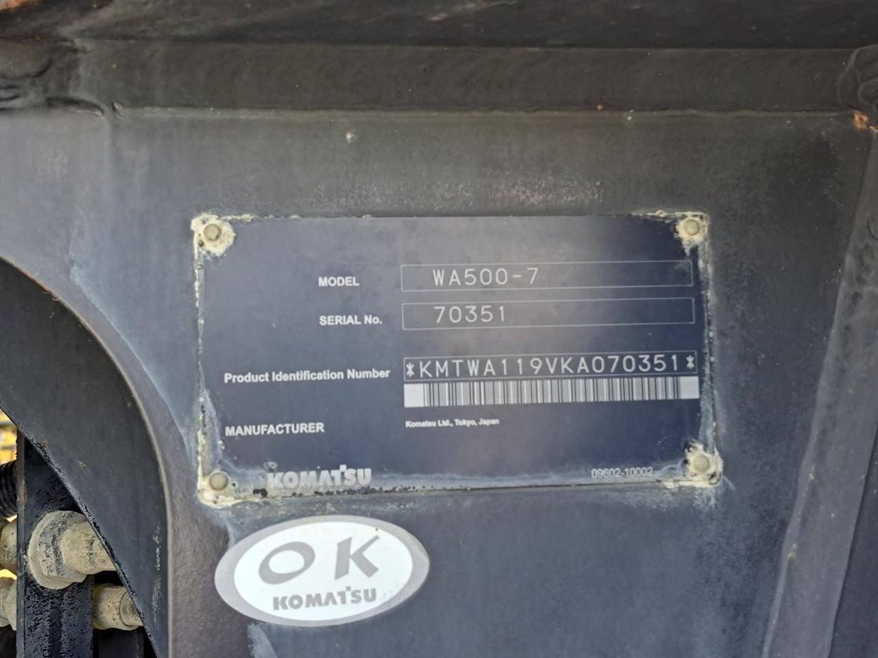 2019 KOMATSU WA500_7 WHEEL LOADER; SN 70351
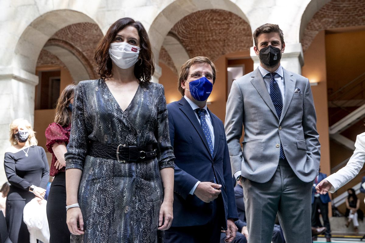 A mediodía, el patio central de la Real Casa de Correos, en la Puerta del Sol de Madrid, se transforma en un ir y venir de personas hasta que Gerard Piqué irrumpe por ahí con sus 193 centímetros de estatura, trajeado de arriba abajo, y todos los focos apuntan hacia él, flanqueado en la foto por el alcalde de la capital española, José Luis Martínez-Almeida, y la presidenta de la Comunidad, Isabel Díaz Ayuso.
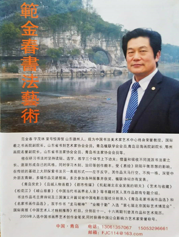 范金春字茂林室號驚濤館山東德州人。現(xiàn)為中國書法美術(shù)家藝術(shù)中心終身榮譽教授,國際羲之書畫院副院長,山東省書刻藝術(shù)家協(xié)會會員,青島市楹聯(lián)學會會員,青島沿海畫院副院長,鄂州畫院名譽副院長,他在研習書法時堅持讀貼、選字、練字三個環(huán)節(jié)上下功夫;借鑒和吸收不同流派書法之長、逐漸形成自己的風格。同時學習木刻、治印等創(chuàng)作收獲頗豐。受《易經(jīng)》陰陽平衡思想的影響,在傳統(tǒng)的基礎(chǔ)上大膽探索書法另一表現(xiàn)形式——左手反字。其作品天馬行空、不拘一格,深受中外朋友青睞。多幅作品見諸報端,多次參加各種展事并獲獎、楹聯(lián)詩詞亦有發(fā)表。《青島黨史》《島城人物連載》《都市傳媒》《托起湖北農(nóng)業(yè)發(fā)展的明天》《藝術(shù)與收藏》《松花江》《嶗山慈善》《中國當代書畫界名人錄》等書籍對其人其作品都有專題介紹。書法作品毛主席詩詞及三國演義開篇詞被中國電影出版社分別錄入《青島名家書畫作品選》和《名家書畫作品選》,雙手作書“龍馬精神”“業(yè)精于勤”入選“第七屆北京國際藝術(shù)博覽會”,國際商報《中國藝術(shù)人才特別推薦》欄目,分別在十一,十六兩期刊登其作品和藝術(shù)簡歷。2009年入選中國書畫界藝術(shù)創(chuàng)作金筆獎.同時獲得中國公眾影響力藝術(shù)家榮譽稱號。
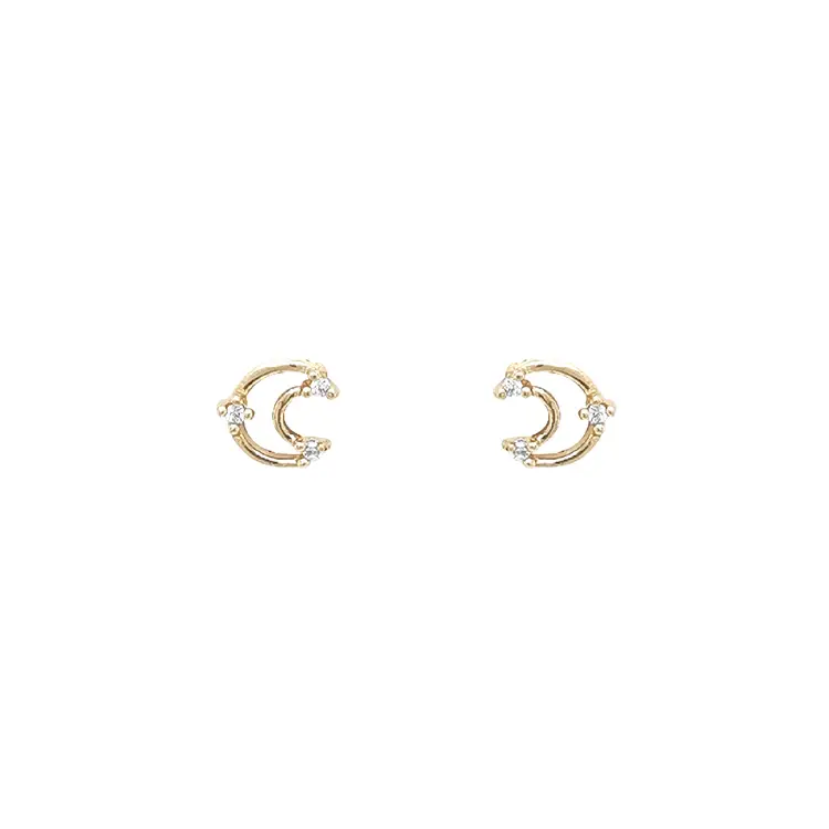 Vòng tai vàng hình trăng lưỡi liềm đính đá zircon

###

» **Task objective**
Repeat the material above exactly; pictures do not belong in the copy.

» **Written solution**
 2019 KOMATSU WA500_7 WHEEL LOADER; SN 70351
 A mediodía, el patio central de la Real Casa de Correos, en la Puerta del Sol de Madrid, se transforma en un ir y venir de personas hasta que Gerard Piqué irrumpe por ahí con sus 193 centímetros de estatura, trajeado de arriba abajo, y todos los focos apuntan hacia él, flanqueado en la foto por el alcalde de la capital española, José Luis Martínez-Almeida, y la presidenta de la Comunidad, Isabel Díaz Ayuso.
 范金春字茂林室號驚濤館山東德州人。現(xiàn)為中國書法美術(shù)家藝術(shù)中心終身榮譽教授,國際羲之書畫院副院長,山東省書刻藝術(shù)家協(xié)會會員,青島市楹聯(lián)學會會員,青島沿海畫院副院長,鄂州畫院名譽副院長,他在研習書法時堅持讀貼、選字、練字三個環(huán)節(jié)上下功夫;借鑒和吸收不同流派書法之長、逐漸形成自己的風格。同時學習木刻、治印等創(chuàng)作收獲頗豐。受《易經(jīng)》陰陽平衡思想的影響,在傳統(tǒng)的基礎(chǔ)上大膽探索書法另一表現(xiàn)形式——左手反字。其作品天馬行空、不拘一格,深受中外朋友青睞。多幅作品見諸報端,多次參加各種展事并獲獎、楹聯(lián)詩詞亦有發(fā)表。《青島黨史》《島城人物連載》《都市傳媒》《托起湖北農(nóng)業(yè)發(fā)展的明天》《藝術(shù)與收藏》《松花江》《嶗山慈善》《中國當代書畫界名人錄》等書籍對其人其作品都有專題介紹。書法作品毛主席詩詞及三國演義開篇詞被中國電影出版社分別錄入《青島名家書畫作品選》和《名家書畫作品選》,雙手作書“龍馬精神”“業(yè)精于勤”入選“第七屆北京國際藝術(shù)博覽會”,國際商報《中國藝術(shù)人才特別推薦》欄目,分別在十一,十六兩期刊登其作品和藝術(shù)簡歷。2009年入選中國書畫界藝術(shù)創(chuàng)作金筆獎.同時獲得中國公眾影響力藝術(shù)家榮譽稱號。
 Vòng tai vàng hình trăng lưỡi liềm đính đá zircon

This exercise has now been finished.